WORK REQUEST: Give again, exactly as written, the lines of the records below from the line with "앞으로 협상의 여지가" to the line with "Nhà điều hành, hệ". Both end lines count; pictures do not.

GIVEN RECORDS:

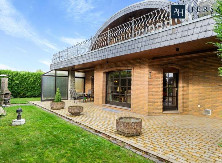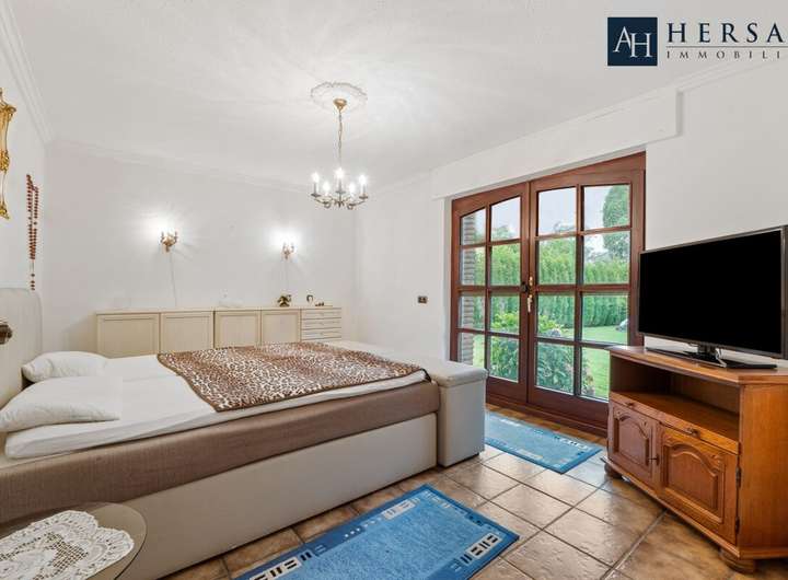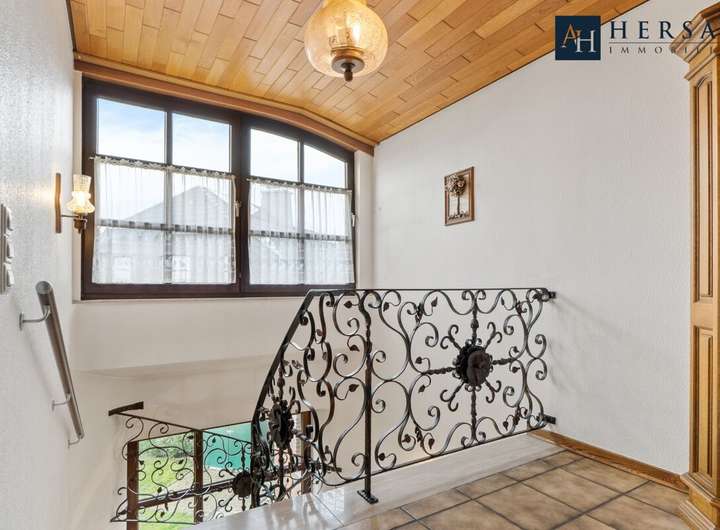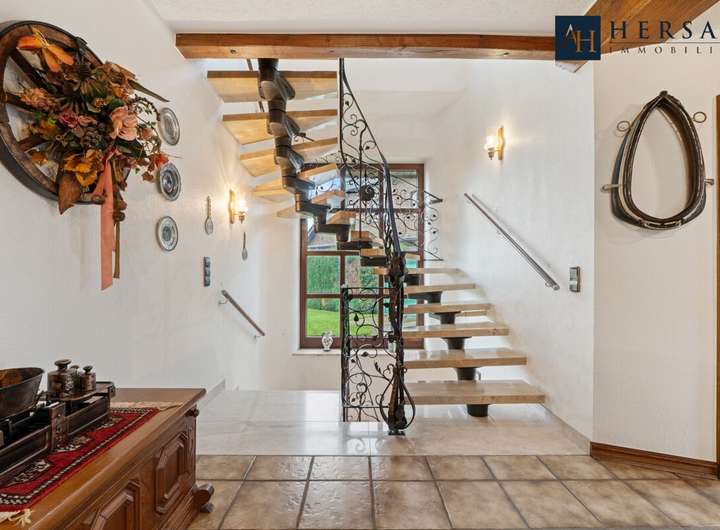 Zwei großzügige Balkone erweitern das Wohngefühl im Obergeschoss und bieten schöne Ausblicke in den Garten. Eine einzigartige Marmortreppe verbindet die Etagen und verleiht dem Haus einen eleganten Charakter.
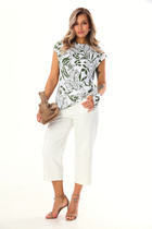 Комплект женский состоит из юбки и рубашки. Рубашка свободного кроя с центральной застежкой на петли-пуговицы. Спущенное плечо, втачной одношовный рукав (фиксируется отворот на петлю и пуговицу) по переду прорезные карманы с листочкой. Воротник-стойка. Юбка длинная, верхний срез обработан поясом на резинке с застежкой на петлю и пуговицу в левом боковом шве с потайной тесьмой-молнией. Юбка кроенная по косой. На заднем полотнище талиевые вытачки.
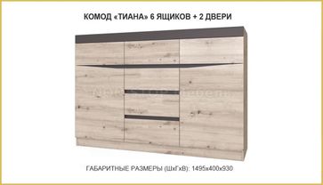 Комод широкий 2 двери 6 ящиков Тиана Цвет Дуб Бонифаций/Вольфрам Размер (ШхГхВ): 1495х400х930 мм Можно дополнить другими элементами серии Тиана Комод 5 ящиков Тиана изготовлен из комбинированного ЛДСП в цвете Дуб Бонифаций / Вольфрам. В верхней, фасадной части комода закреплен элемент из МДФ в цвете Смоки Софт. Комод оснащен пятью выдвижными ящиками на шариковых направляющих, длиной 350 мм. Дополнить комод возможно модулями из серии Тиана None
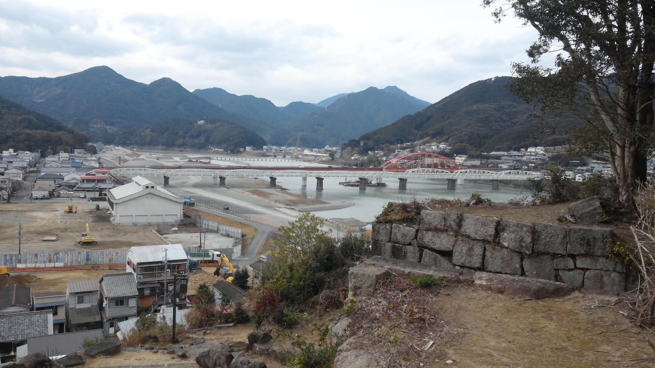 公園に行くのために少し高い位置を歩くことは難しくないです。和歌山県と三重県の川の上の素晴らしい橋を一望できます。冬の日に残りの石垣の上に、いくつの工事が進んだから、未来もっと現代の風景があるかもしれません。
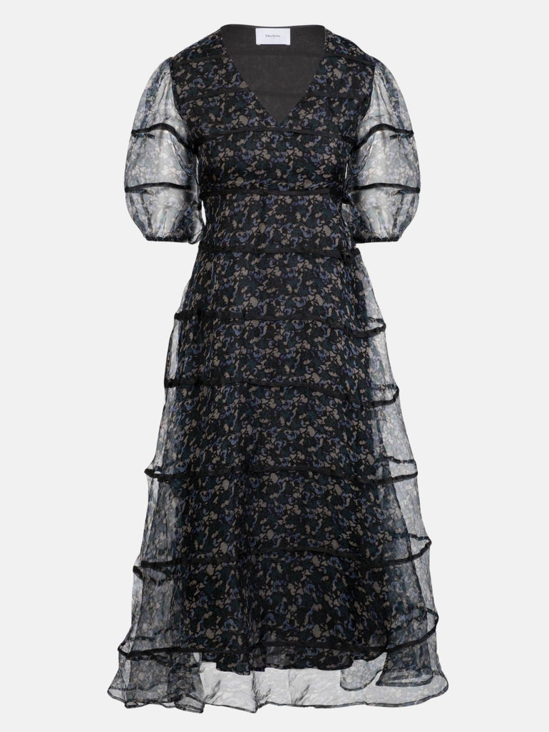 The ASTRA Dress encapsulates artistry and sophistication with its painterly floral design in a color palette inspired by the works of Japanese ceramicist Toshiko Takaezu. Crafted from ethereal 100% Silk Organza, this ankle-length dress features Merlette’s signature tiered structure, accentuated by trim made from the same fabric that create a striking, yet harmonious silhouette. Short puff sleeves lend a playful volume, while a discreet side zipper closure ensures a seamless fit.
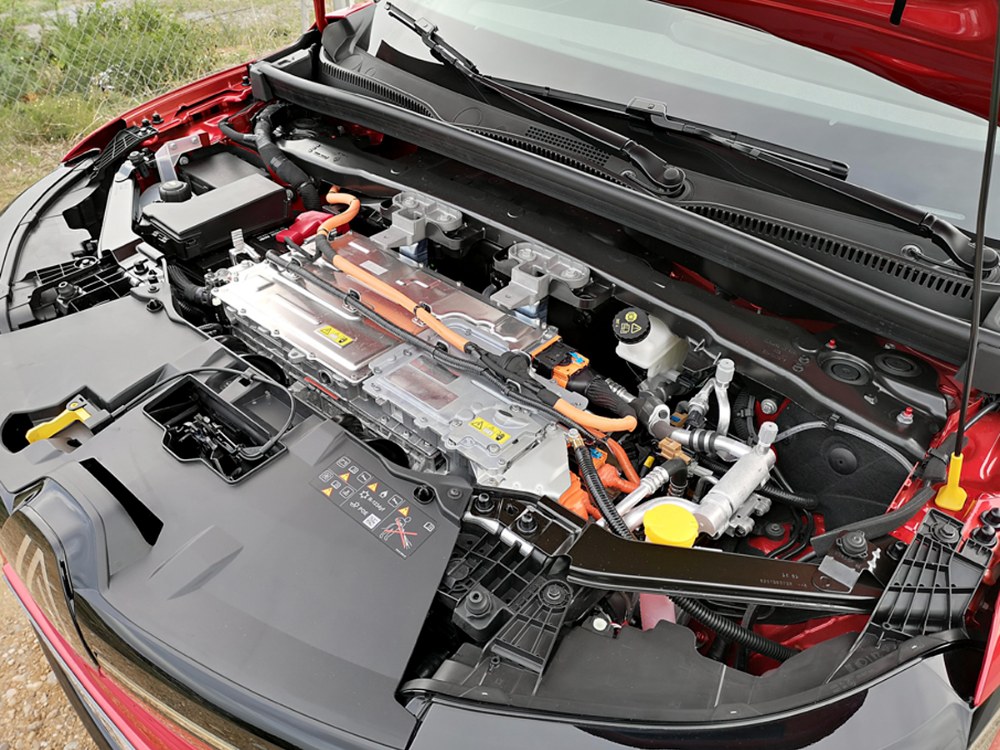 Plně elektrický Renault Megane E-Tech Electric u nás otevřel svůj objednávkový systém letos 1. února (první vozy by se zde měly objevit v dubnu) a vstoupil na trh s poněkud bizarním obchodním označením „Renault Megane E-Tech 100 % Elektrický“, jež ho má rázně odlišit od „normálního“ Meganu, který s přívlastkem E-Tech znamená plug-in hybrid. E-Tech Electric je totiž i přes poněkud nešikovné označení zcela jiným automobilem, postaveným na platformě CMF-EV, vyvinuté aliancí Renault-Nissan-Mitsubishi výhradně pro elektromobily. Oproti většině současné konkurence má poháněcí ústrojí včetně výkonové elektroniky kompletně uloženo vpředu (nabíjecí konektor je v pravém předním blatníku). Důraz se totiž při konstrukci kladl na nízkou hmotnost a koncepce „vše vpředu“ umožnila i zkrátit těžké kabelové svazky na minimum.
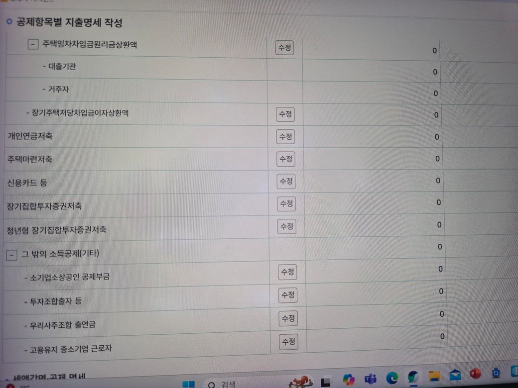 공제항목별 지출명세 작성에 다 0원으로 떠요.
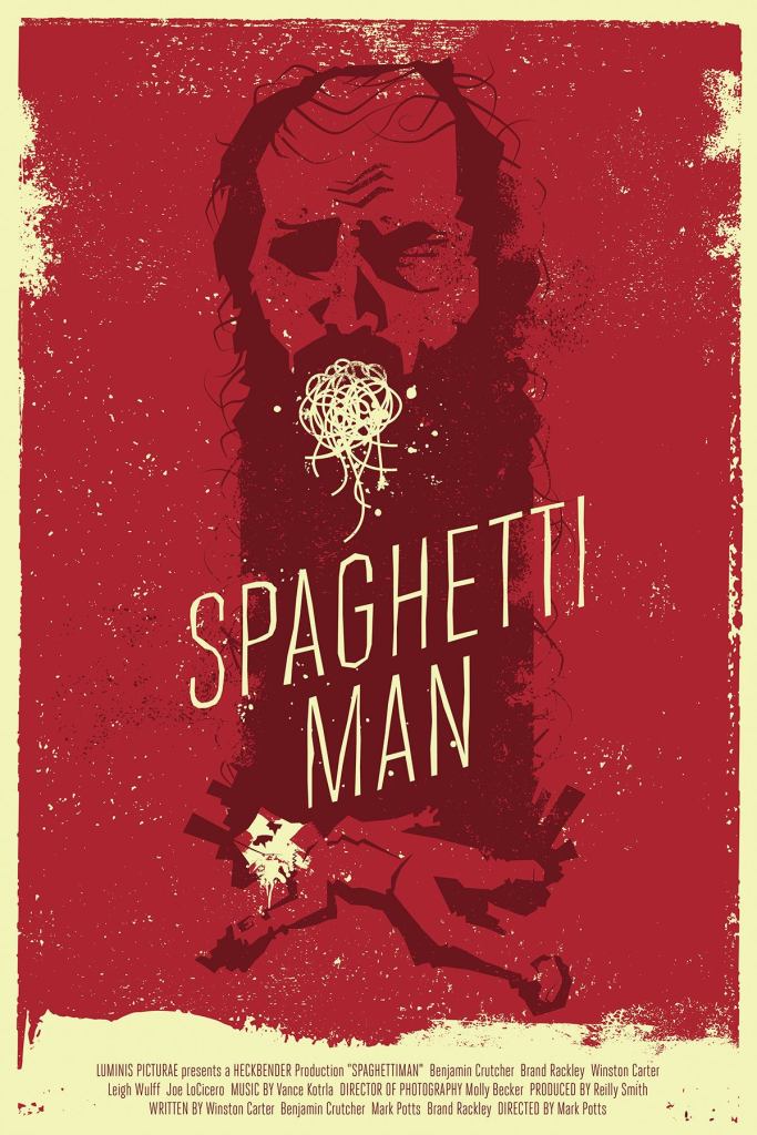 So, is a fun, funny moovie with some witty jokes, some decent fight choreography, and a lot of very good performances. Clark/Spaghettiman is played by Benjamin Crutcher , an actor who has done moostly shorts acting, appearing in such small films as Ninja Valentine (2013) and Shitting Shoes: an Ode to Pooping at Work (2013). Clearly he possesses the same wacky sense of humor as Mark Potts, and they have definitely worked together on udder projects. Dale/Shadowman is played by Winston Carter, Katie is played by Leigh Wulff, and Anthony Banner is played by Brand Rackley. Rackley, Carter and Crutcher also helped write the script. Potts also served as editor. According to IMDB 45 pounds of real spaghetti was cooked and used as FX for this production – very tasty!
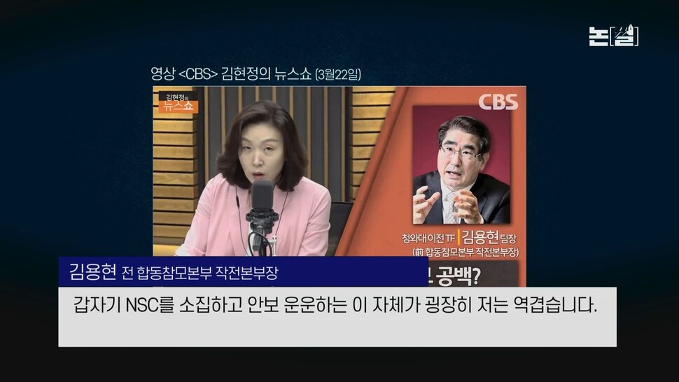 김용현 “네. 앞으로 협상의 여지가 있다는 것은 저도 충분히 공감이 되고요. 그동안 사실 수십 차례의 미사일 발사를 통해서, 도발을 통해서 우리 국민의 안전을 위협해 왔음에도 불구하고 이 정부가 도발을 도발이라 말하지 않았지 않습니까? 어떠한 대응도 내놓지 않았습니다. 그런 어떤 안보 위기상황에서도 NSC를 연 적도 없는 그분들이 어느 날 갑자기 방사포, 있지도 않은, 잘 확인도 안 되는 방사포 쐈다고 갑자기 NSC를 소집하고 안보 운운하는 이 자체가 굉장히 저는 역겹습니다. 좀. 이건 아닌 것 같아요.”
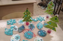 Во время групповой работы на уроке технологии учащиеся 4а класса выполнили своими руками украшения к Новому году.
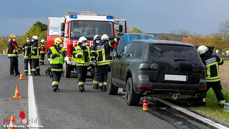 GEDERSDORF (NÖ): Am Nachmittag des 30. April 2021 bemerkte der Lenker eines SUV Rauch aus dem Motorraum seines Pkw. Unverzüglich stellte dieser das Fahrzeug an der S5 Abfahrt bei Theiß/Gedersdorf ab, wählte den Feuerwehrnotruf 122 und versuchte, den Entstehungsbrand selbst abzulöschen.
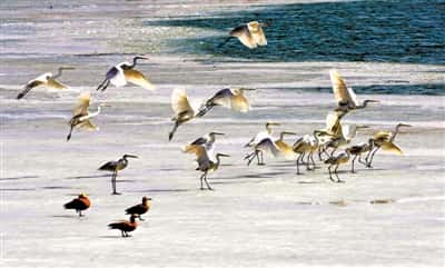 成群的白鹭和赤嘴潜鸭在花马湖翩翩起舞(资料图片)
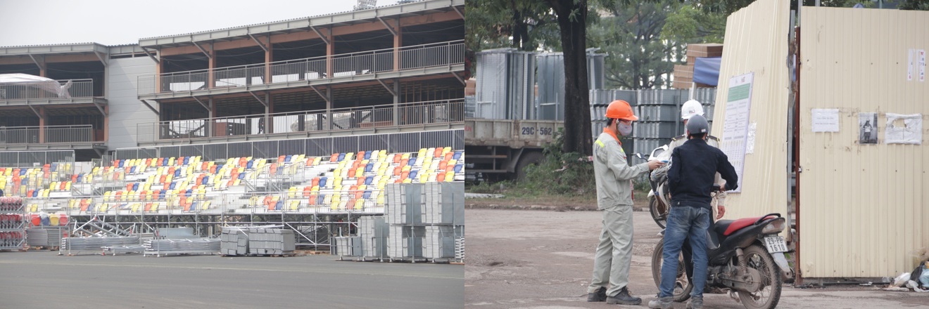 Nhà điều hành, hệ thống nhà dịch vụ, khán đài đang gấp rút được hoàn thiện. Công nhân đang lắp ghép những ghế ngồi tại khán đài.
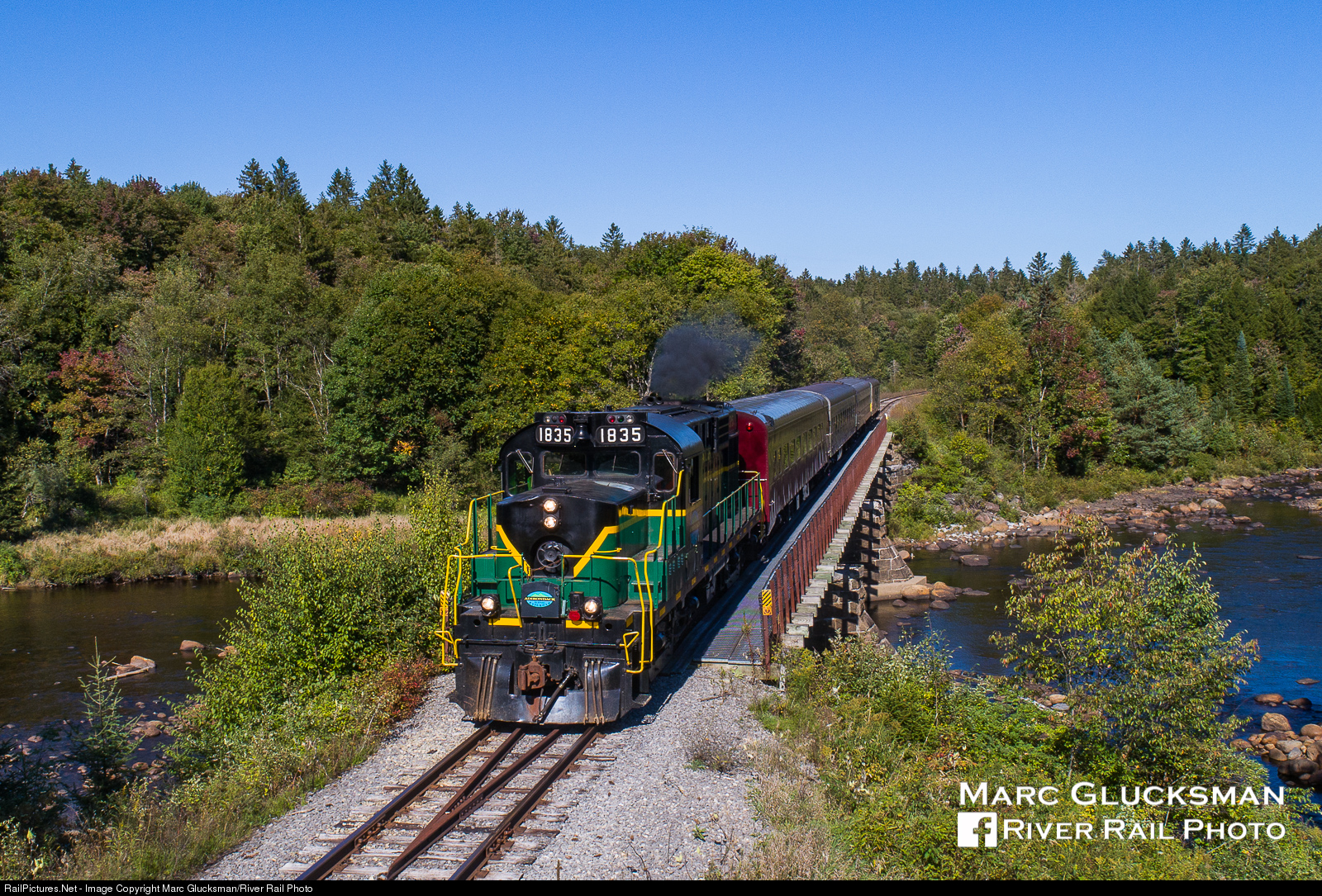 | Notchin' up. On the afternoon of Sunday, September 23, 2018, Adirondack Scenic Railway 1835 (RS18u, neƩ-CP 8780, RS18, 5/1958), heads back to Utica, NY with a trainload of travelers. The MLW puts out a nice head of smoke as it hauls four cars across the Moose River on the former New York Central Adirondack Branch. Once the route of overnight trains to Lake Placid, it has today become divided as part tourist railroad and part center of controversy over conversion to trails. |
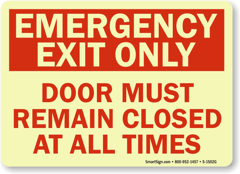 Don't be caught unprepared in a fire emergency. Use a "emergency exit only door must remain closed at all times" sign. Signs make an important point.
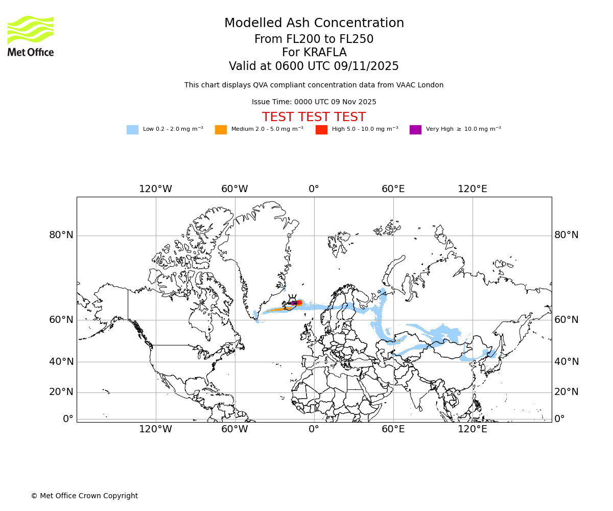 In accordance with ICAO Annex 3, Amendment 82 VAAC London will provide operational QVA forecasts from 27 November 2025 and these will be made available via a VAAC London QVA API information service. These charts are currently provided for test and evaluation purposes (not for operational use) until the introduction of the operational service.
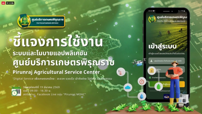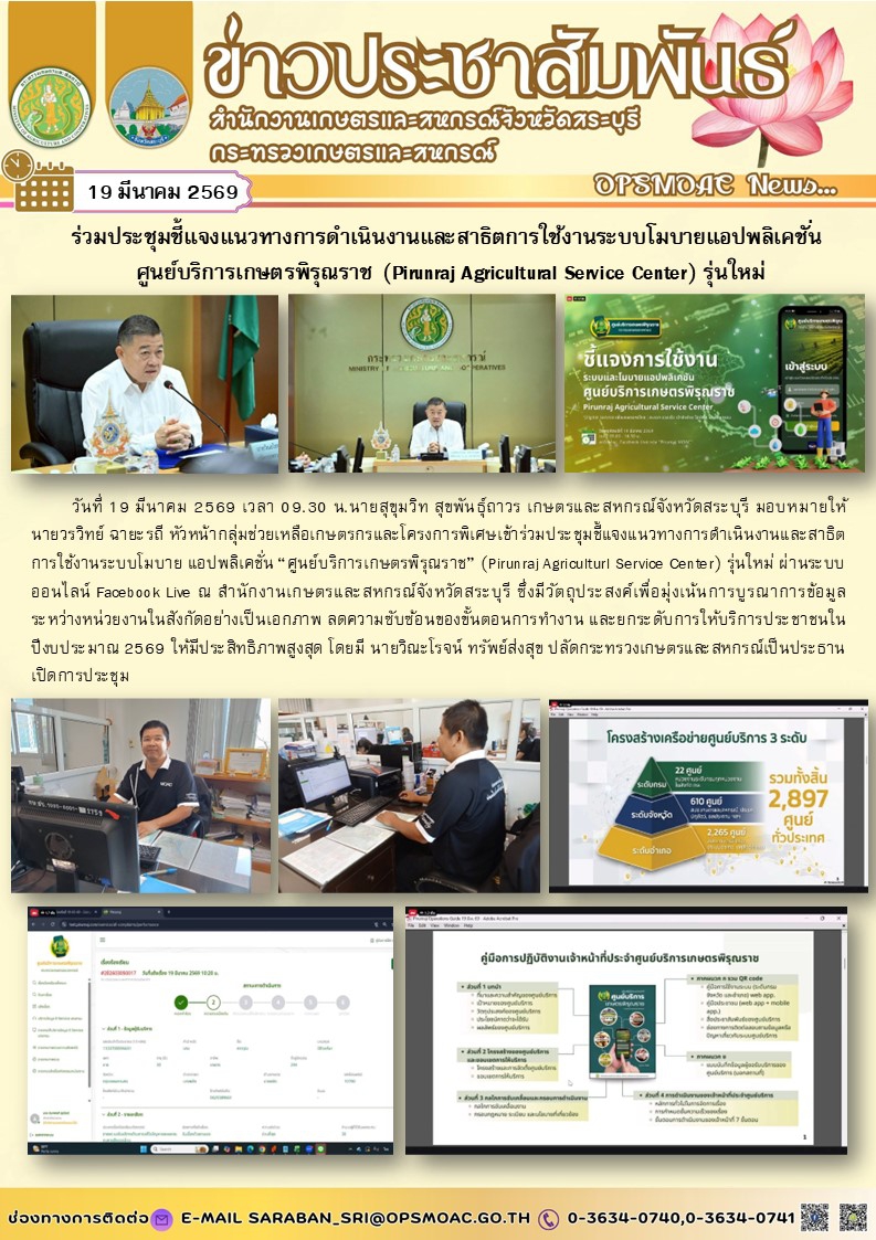 วันที่ 19 มีนาคม 2569 เวลา 09.30 น.นายสุขุมวิท สุขพันธุ์ถาวร เกษตรและสหกรณ์จังหวัดสระบุรี มอบหมายให้ นายวรวิทย์ ฉายะรถี หัวหน้ากลุ่มช่วยเหลือเกษตรกรและโครงการพิเศษเข้าร่วมประชุมชี้แจงแนวทางการดำเนินงานและสาธิตการใช้งานระบบโมบาย แอปพลิเคชั่น “ศูนย์บริการเกษตรพิรุณราช” (Pirunraj Agriculturl Service Center) รุ่นใหม่ ผ่านระบบออนไลน์ Facebook Live ณ สำนักงานเกษตรและสหกรณ์จังหวัดสระบุรี ซึ่งมีวัตถุประสงค์เพื่อมุ่งเน้นการบูรณาการข้อมูลระหว่างหน่วยงานในสังกัดอย่างเป็นเอกภาพ ลดความซับซ้อนของขั้นตอนการทำงาน และยกระดับการให้บริการประชาชนในปีงบประมาณ 2569 ให้มีประสิทธิภาพสูงสุด โดยมี นายวิณะโรจน์ ทรัพย์ส่งสุข ปลัดกระทรวงเกษตรและสหกรณ์เป็นประธานเปิดการประชุม

TASK RESPONSE:
 김용현 “네. 앞으로 협상의 여지가 있다는 것은 저도 충분히 공감이 되고요. 그동안 사실 수십 차례의 미사일 발사를 통해서, 도발을 통해서 우리 국민의 안전을 위협해 왔음에도 불구하고 이 정부가 도발을 도발이라 말하지 않았지 않습니까? 어떠한 대응도 내놓지 않았습니다. 그런 어떤 안보 위기상황에서도 NSC를 연 적도 없는 그분들이 어느 날 갑자기 방사포, 있지도 않은, 잘 확인도 안 되는 방사포 쐈다고 갑자기 NSC를 소집하고 안보 운운하는 이 자체가 굉장히 저는 역겹습니다. 좀. 이건 아닌 것 같아요.”
 Во время групповой работы на уроке технологии учащиеся 4а класса выполнили своими руками украшения к Новому году.
 GEDERSDORF (NÖ): Am Nachmittag des 30. April 2021 bemerkte der Lenker eines SUV Rauch aus dem Motorraum seines Pkw. Unverzüglich stellte dieser das Fahrzeug an der S5 Abfahrt bei Theiß/Gedersdorf ab, wählte den Feuerwehrnotruf 122 und versuchte, den Entstehungsbrand selbst abzulöschen.
 成群的白鹭和赤嘴潜鸭在花马湖翩翩起舞(资料图片)
 Nhà điều hành, hệ thống nhà dịch vụ, khán đài đang gấp rút được hoàn thiện. Công nhân đang lắp ghép những ghế ngồi tại khán đài.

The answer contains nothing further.